古代ギリシアの軍人、文筆家。アテナイのエルキア区の出身。父は豊かな騎士階級の人であったらしく、『馬術』『騎兵隊長論』などの著作がある。ソクラテスの弟子の一人で、プラトンはほぼ同年輩のライバルであった。師の追憶はのちに『覚書』『饗宴(きょうえん)』『ソクラテスの弁明』にまとめられている。しかし彼は元来武人で、師の深い哲理に浸ることはできず、またアテナイの民主政治の退廃は耐えがたいものであった。おりよく旧友からの手紙で、ペルシア王アルタクセルクセス2世の王位をねらう弟キロスの軍隊に参加するように勧められる。彼は師ソクラテスの苦言を受けながらも、ついに小アジアに渡り、その軍隊の傭兵(ようへい)となってバビロンに向けて出発する。
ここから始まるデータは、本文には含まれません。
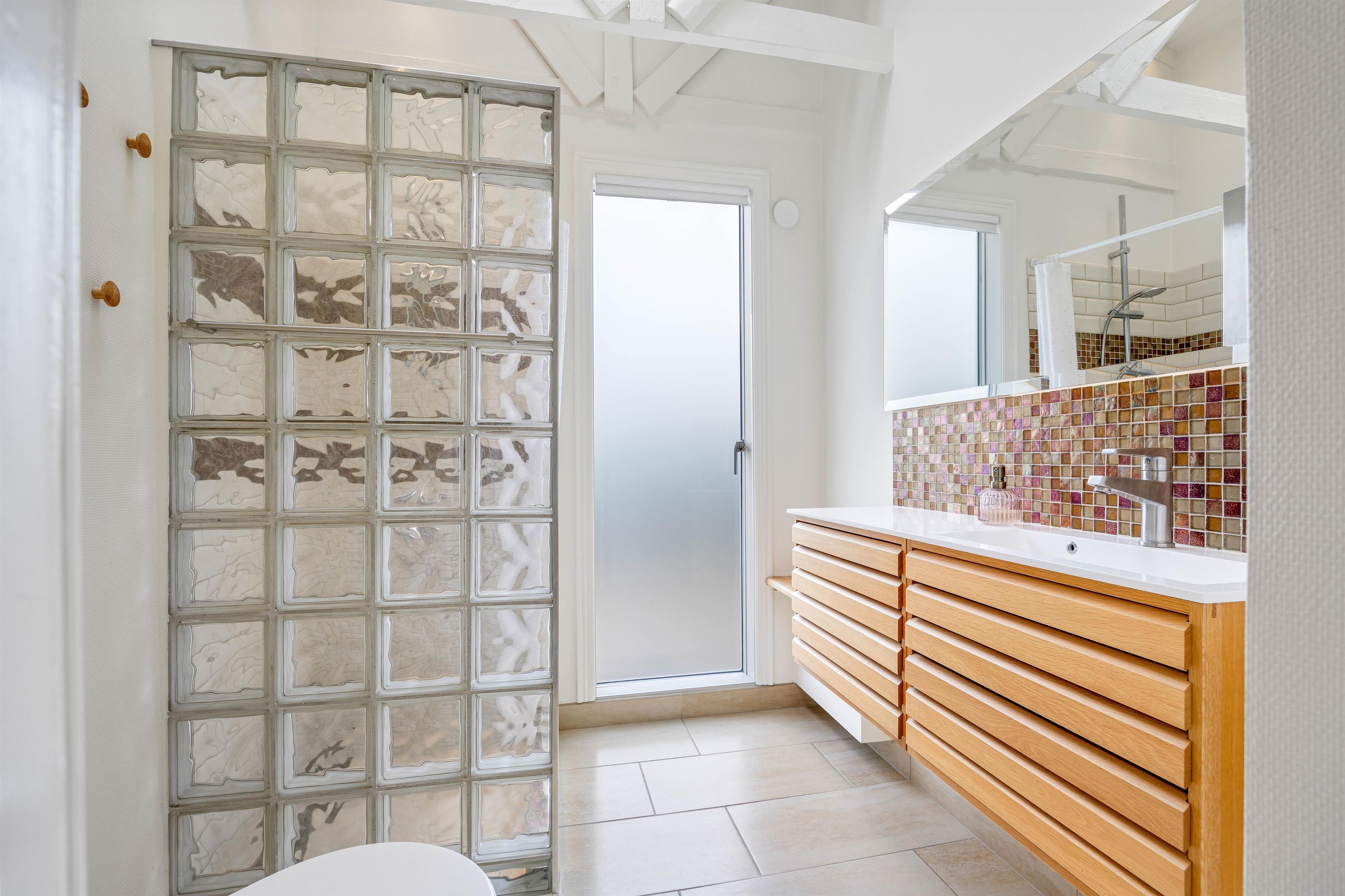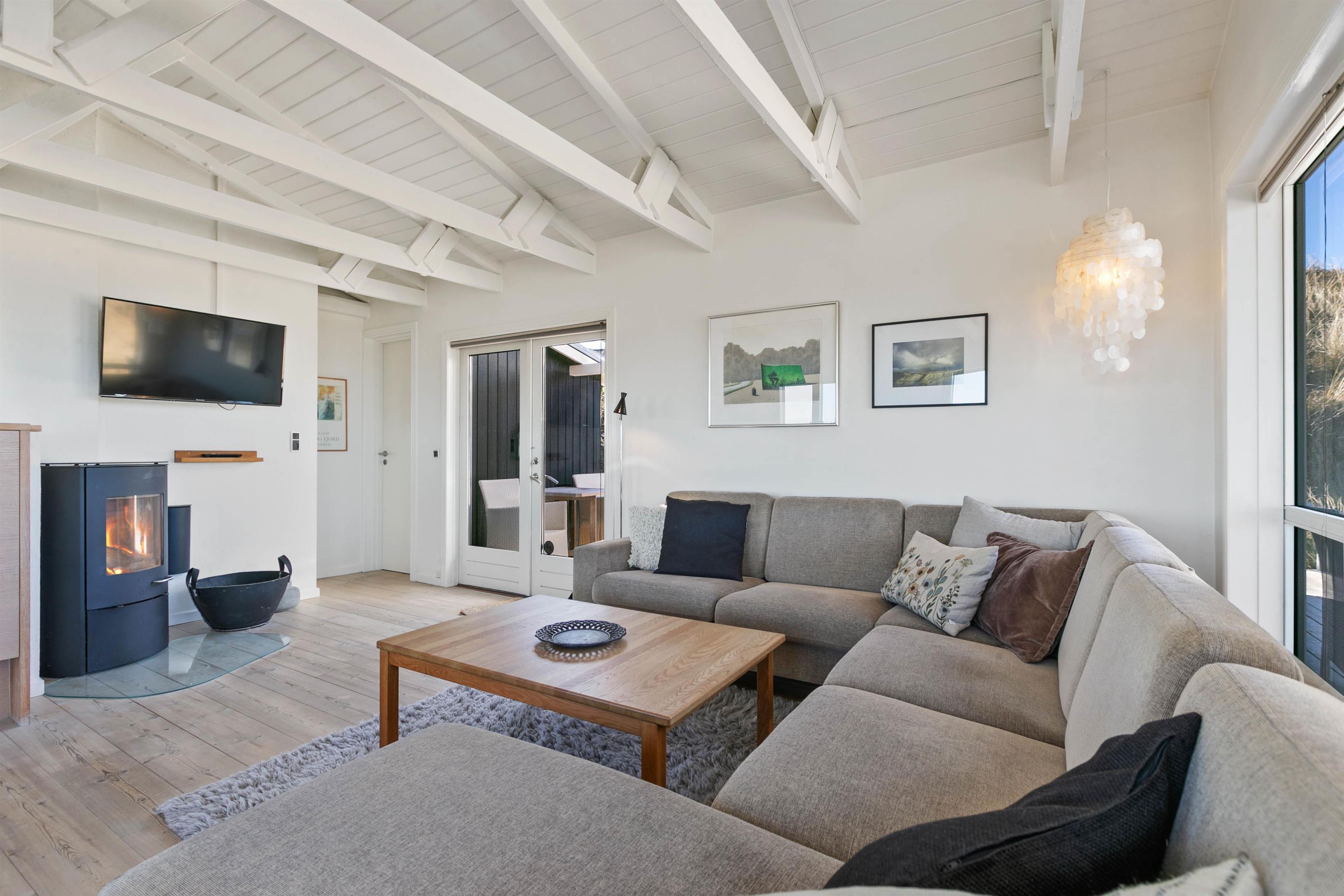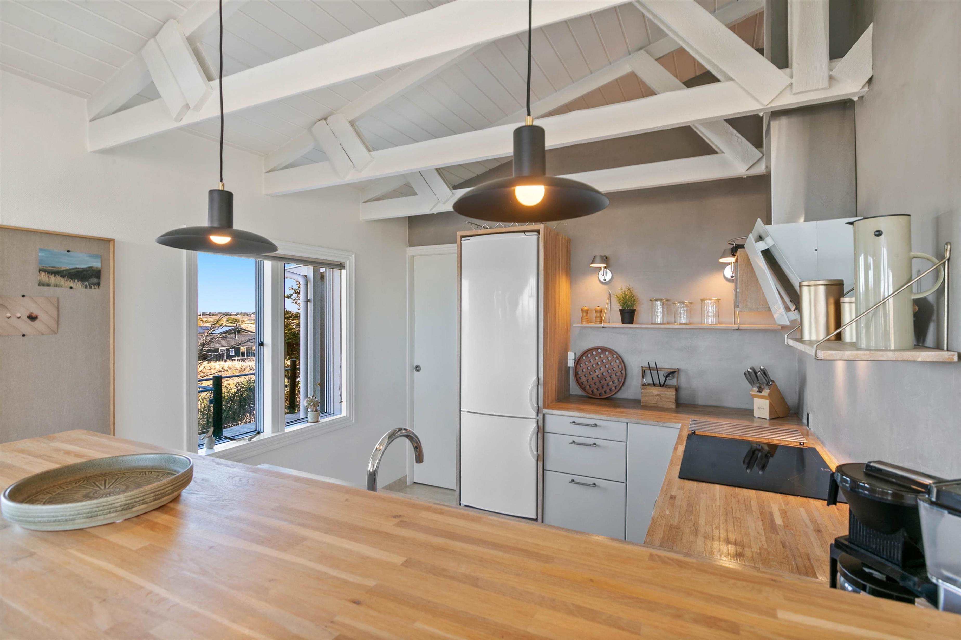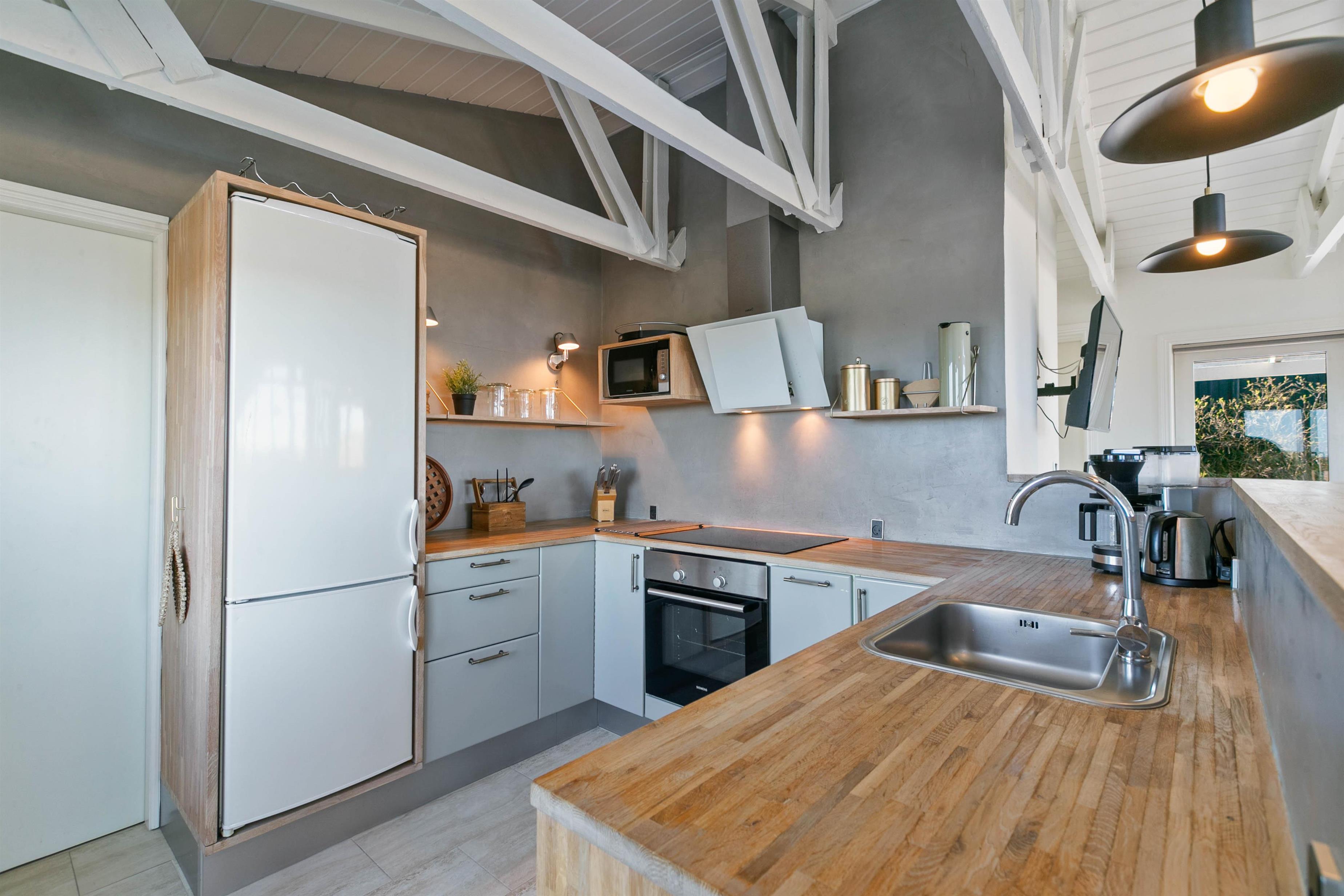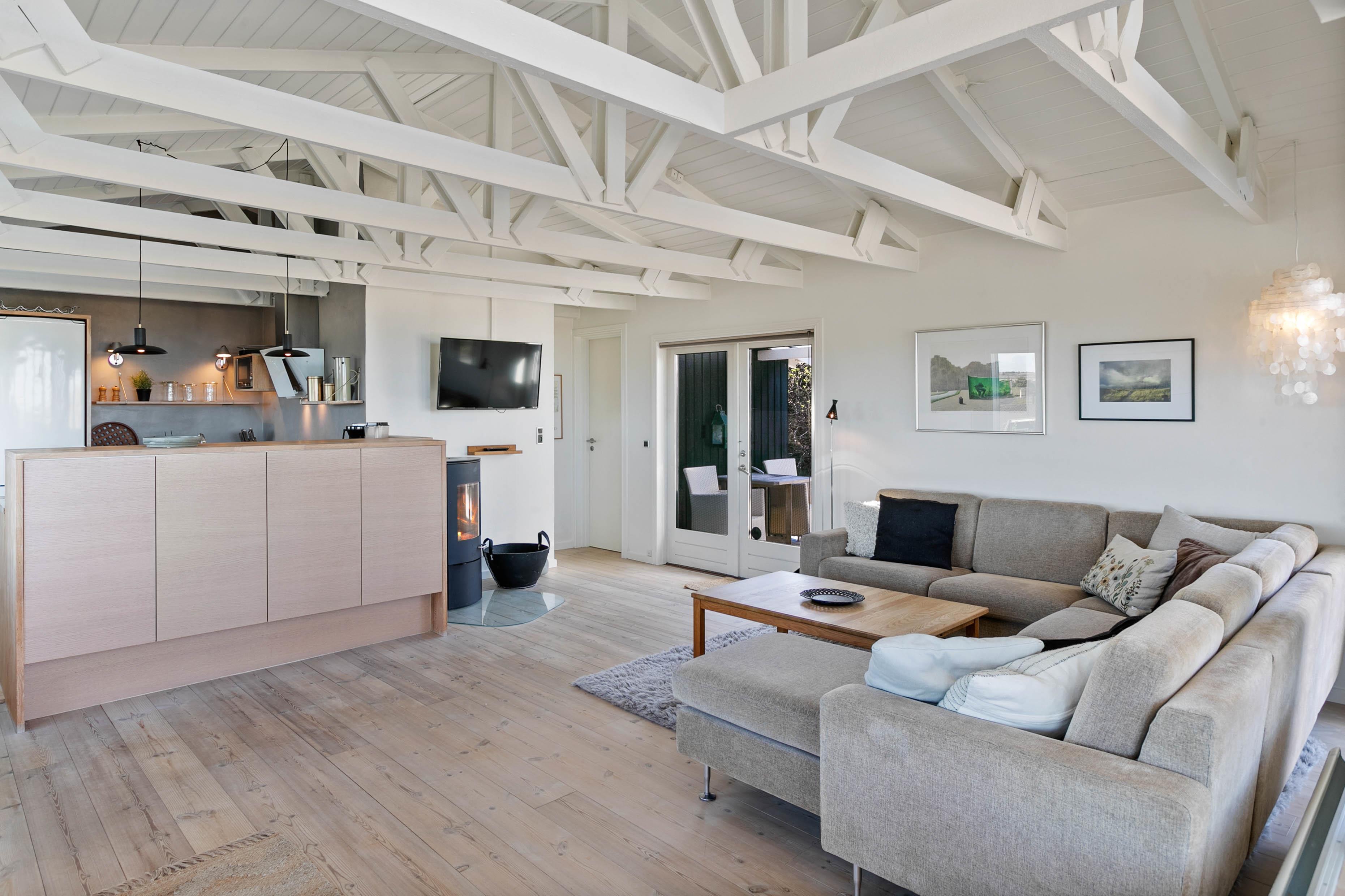 Den hyggelige brændeovn, som I finder i det lyse og åbne køkkenalrum, er med til at bidrage, til den helt rigtige sommerhusstemning. For eksra komfort, er der en behagelig gulvvarme i køkkenet.

しかし、頼むキロスはまもなく戦死、やむなく彼は敗軍の将として1万のギリシア人部隊を率いて退却、多くの苦難と戦いながら積雪のなかを黒海沿岸を旅してボスポロスにたどり着く。この1万人の退却の記録が、彼の最大の傑作『キロスのアナバシス』(アナバシスは「のぼる」の意)7巻である。もっとも5巻以後は、それまでの生々しい筆致に比べて著者の自己弁護が目だち、このへんに作品成立の事情がうかがわれる。このほか、同じキロスの名を冠したものに『キロスの教育』という8巻の作品があるが、これはその名を借りて綴(つづ)った彼の理想の王者像である。彼は紀元前399年にこの遠征から解放されたが、まもなくスパルタ王アゲシラオスの軍に加わってアテナイと戦うはめに陥り、ついに祖国からは追放の宣告を受けた。しかしこのコリント戦争が終わるころには、スパルタから贈られたオリンピア近くのスキルス村に引きこもり、妻子とともに静かな文筆生活に入った。『アナバシス』など多くの大作はここで生まれている。ところが5年後にはスパルタがテーベに敗れたので、彼はスキルスからコリントに移り、アテナイからの追放解除はあったが、この地で死んだといわれている。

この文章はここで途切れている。